When a node is added in this manner, it will acquire the token range of the node it is replacing and obtain data for those token ranges from other nodes. Bootstrapping a node is the process undertaken when the inserted node streams data to join the cluster, which is also covered in the Auto Bootstrapping Part 1 blog post. The down side to this process is that when using a version of Cassandra before 2.1 or cassandra.consistent.rangemovement=false, the new node may stream data from a replica containing data that is old and or inconsistent with other nodes. In this case, once the new node completes the bootstrap process and joins the cluster, there will be more than one node with inconsistent data. In a cluster with a Replication Factor of 3, inconsistent data could be returned on QUORUM reads.
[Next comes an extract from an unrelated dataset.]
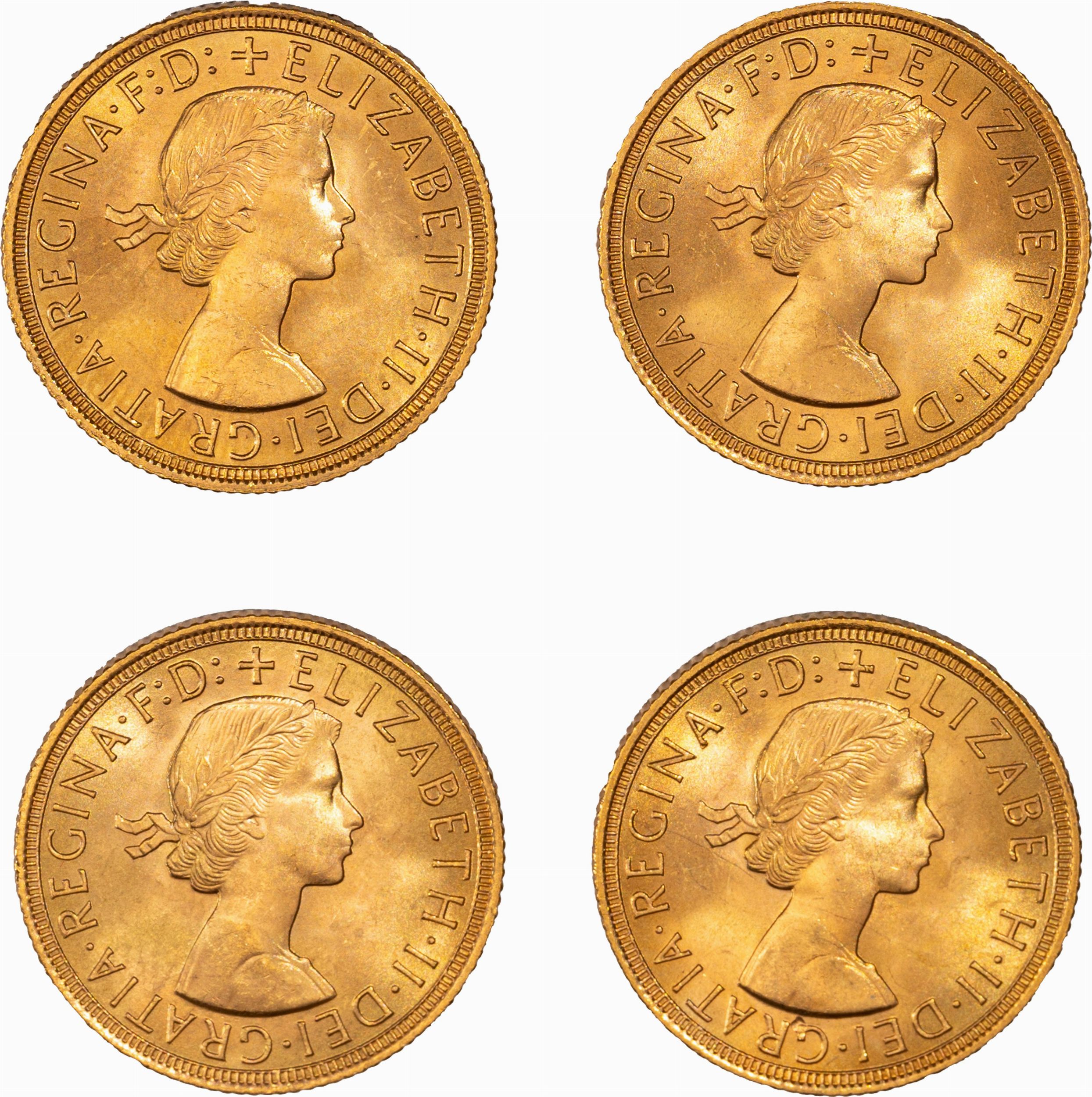 1958 D/ effigie della Regina a d. R/ San Giorgio a cavallo trafigge il drago a d., Zecca di Londra; Metallo: AV, peso totale gr. 31,97. SPL.

To fix such data inconsistencies in the cluster, a repair must be run on the newly inserted node for the token ranges it owns after it successfully joins the cluster.

The bootstrap process is convenient, however there may be cases where we want the data as is on the old node copied to the replacement node. Whilst performing such an operation requires a number of manual steps similar to those defined in the Removing a disk mapping from Cassandra blog post, there are a number of advantages to this process:

It is potentially faster than bootstrapping a node because data is copied from node to another node, rather than copied from multiple sources. This in turn reduces network traffic in the cluster.
It is far more difficult for data inconsistencies to occur during the replacement process as the same data is being transferred between nodes.

The trade off with this operation is that the node being replaced must be available or at least its volumes must be accessible in order for the copy to occur. Thus, this restriction rules the process out for a disk failure scenario. However, on the flip side, the process lends itself well to physical hardware and AWS instance upgrades.

The Process

Before we dive into detailed steps, a summary of the process to replace an existing node in the cluster with a new node without bootstrapping is as follows.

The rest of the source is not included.